§ **WHAT THE TASK ASKS**
With pictures left out, write out exactly every line from the start of the data through the one that contains "FAIR ISLE SWEATER".

(Entries taken from a collection)
━━━━━━
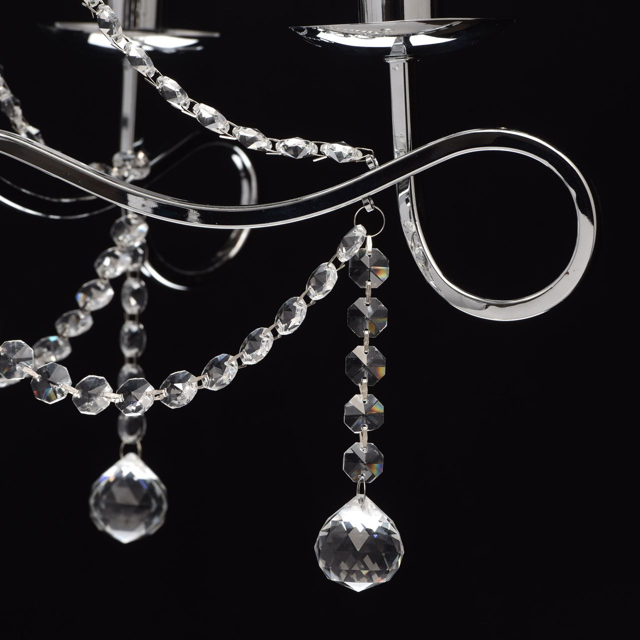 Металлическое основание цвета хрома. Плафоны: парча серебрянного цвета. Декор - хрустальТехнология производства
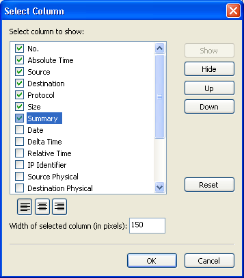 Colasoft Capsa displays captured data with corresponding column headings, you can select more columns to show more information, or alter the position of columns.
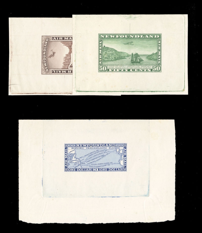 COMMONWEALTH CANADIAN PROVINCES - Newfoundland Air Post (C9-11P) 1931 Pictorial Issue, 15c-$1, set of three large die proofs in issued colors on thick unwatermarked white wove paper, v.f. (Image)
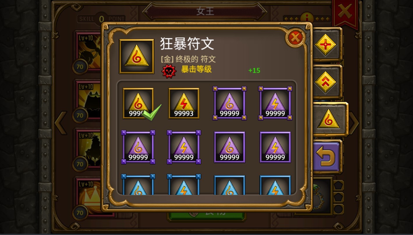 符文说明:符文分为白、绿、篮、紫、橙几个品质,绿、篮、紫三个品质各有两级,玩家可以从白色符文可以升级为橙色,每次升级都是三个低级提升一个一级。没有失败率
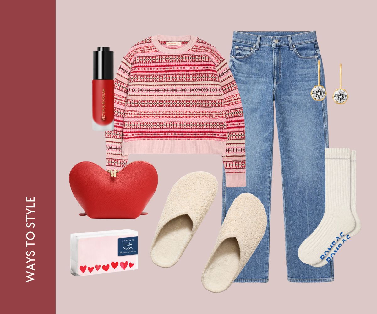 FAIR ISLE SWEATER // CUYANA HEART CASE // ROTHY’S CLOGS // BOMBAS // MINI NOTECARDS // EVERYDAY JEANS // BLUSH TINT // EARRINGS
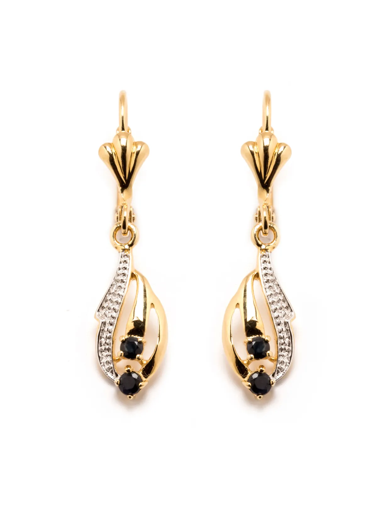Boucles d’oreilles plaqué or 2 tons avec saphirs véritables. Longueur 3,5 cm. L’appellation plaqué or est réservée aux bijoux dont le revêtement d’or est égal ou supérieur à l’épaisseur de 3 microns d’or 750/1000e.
━━━━━━
§ **PROBLEM SOLUTION**
 Металлическое основание цвета хрома. Плафоны: парча серебрянного цвета. Декор - хрустальТехнология производства
 Colasoft Capsa displays captured data with corresponding column headings, you can select more columns to show more information, or alter the position of columns.
 COMMONWEALTH CANADIAN PROVINCES - Newfoundland Air Post (C9-11P) 1931 Pictorial Issue, 15c-$1, set of three large die proofs in issued colors on thick unwatermarked white wove paper, v.f. (Image)
 符文说明:符文分为白、绿、篮、紫、橙几个品质,绿、篮、紫三个品质各有两级,玩家可以从白色符文可以升级为橙色,每次升级都是三个低级提升一个一级。没有失败率
 FAIR ISLE SWEATER // CUYANA HEART CASE // ROTHY’S CLOGS // BOMBAS // MINI NOTECARDS // EVERYDAY JEANS // BLUSH TINT // EARRINGS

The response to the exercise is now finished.